Activity:
A verbatim copy is needed of the lines below from the one containing "Welding caps 23-*514, 23-*515" up to and including the one containing "de Mollepongo (Pucará).", excluding pictures.

^^^^^^^^

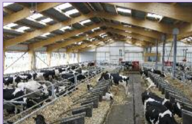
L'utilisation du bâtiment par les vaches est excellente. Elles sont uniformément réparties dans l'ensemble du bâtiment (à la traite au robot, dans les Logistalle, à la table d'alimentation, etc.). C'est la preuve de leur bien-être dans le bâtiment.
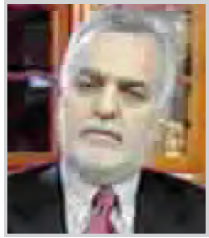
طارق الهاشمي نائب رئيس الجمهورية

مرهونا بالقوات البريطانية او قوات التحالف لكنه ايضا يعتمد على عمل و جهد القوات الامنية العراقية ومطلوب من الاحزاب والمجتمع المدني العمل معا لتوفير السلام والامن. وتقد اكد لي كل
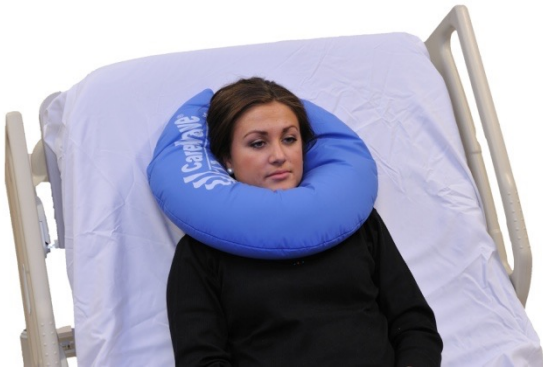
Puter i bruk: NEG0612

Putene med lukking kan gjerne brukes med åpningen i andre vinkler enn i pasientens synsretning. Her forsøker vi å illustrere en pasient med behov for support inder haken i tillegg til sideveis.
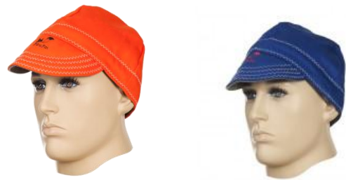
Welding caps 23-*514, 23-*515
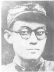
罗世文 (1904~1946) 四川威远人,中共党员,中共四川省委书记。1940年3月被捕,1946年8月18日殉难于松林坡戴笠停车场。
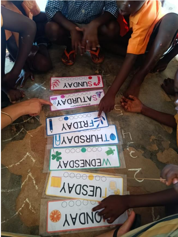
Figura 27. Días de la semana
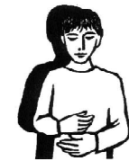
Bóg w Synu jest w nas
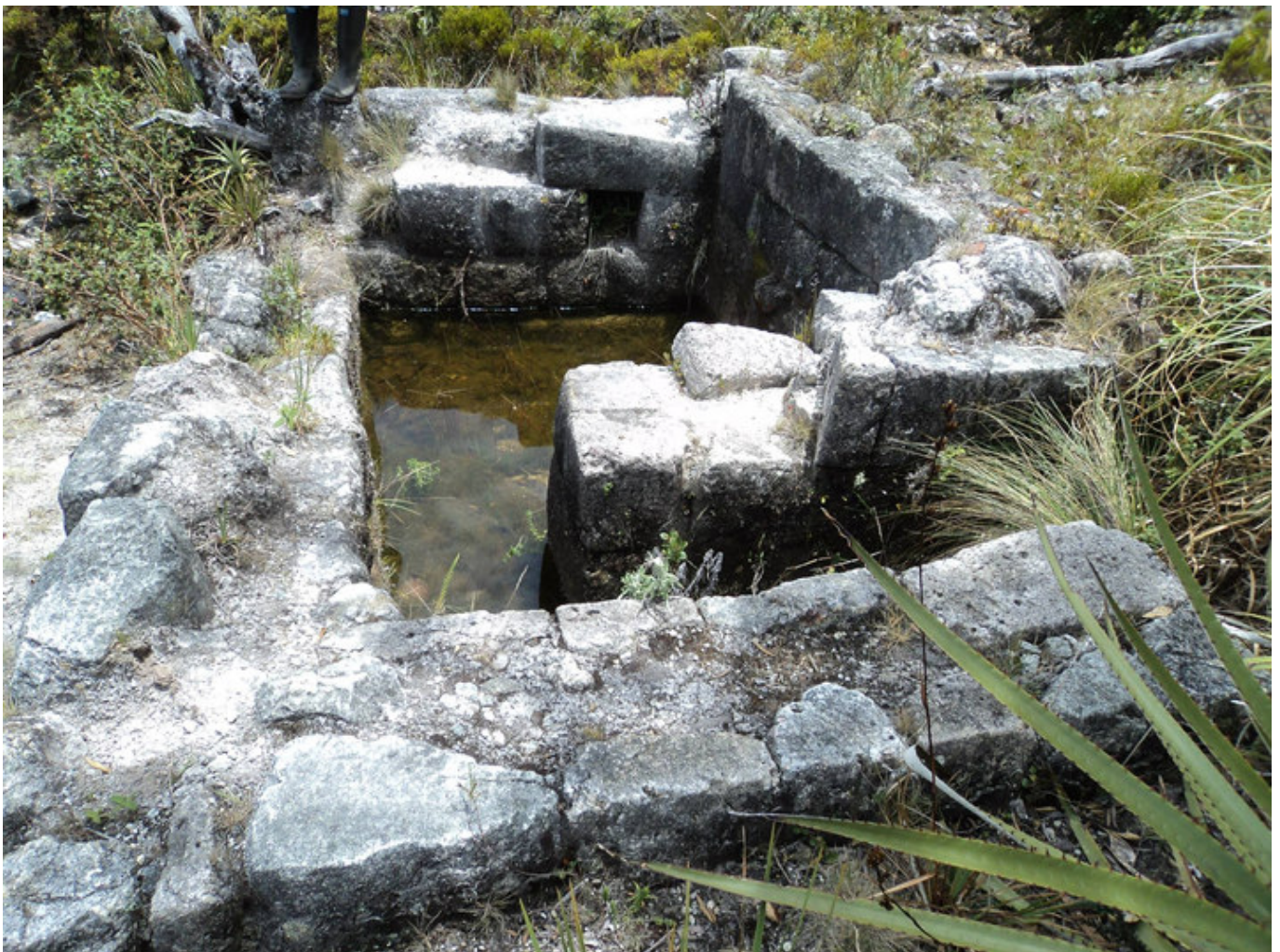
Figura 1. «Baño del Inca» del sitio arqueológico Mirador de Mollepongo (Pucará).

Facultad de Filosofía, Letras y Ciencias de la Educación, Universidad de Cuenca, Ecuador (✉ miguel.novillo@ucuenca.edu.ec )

^^^^^^^^

Task output:
Welding caps 23-*514, 23-*515
罗世文 (1904~1946) 四川威远人,中共党员,中共四川省委书记。1940年3月被捕,1946年8月18日殉难于松林坡戴笠停车场。
Figura 27. Días de la semana
Bóg w Synu jest w nas
Figura 1. «Baño del Inca» del sitio arqueológico Mirador de Mollepongo (Pucará).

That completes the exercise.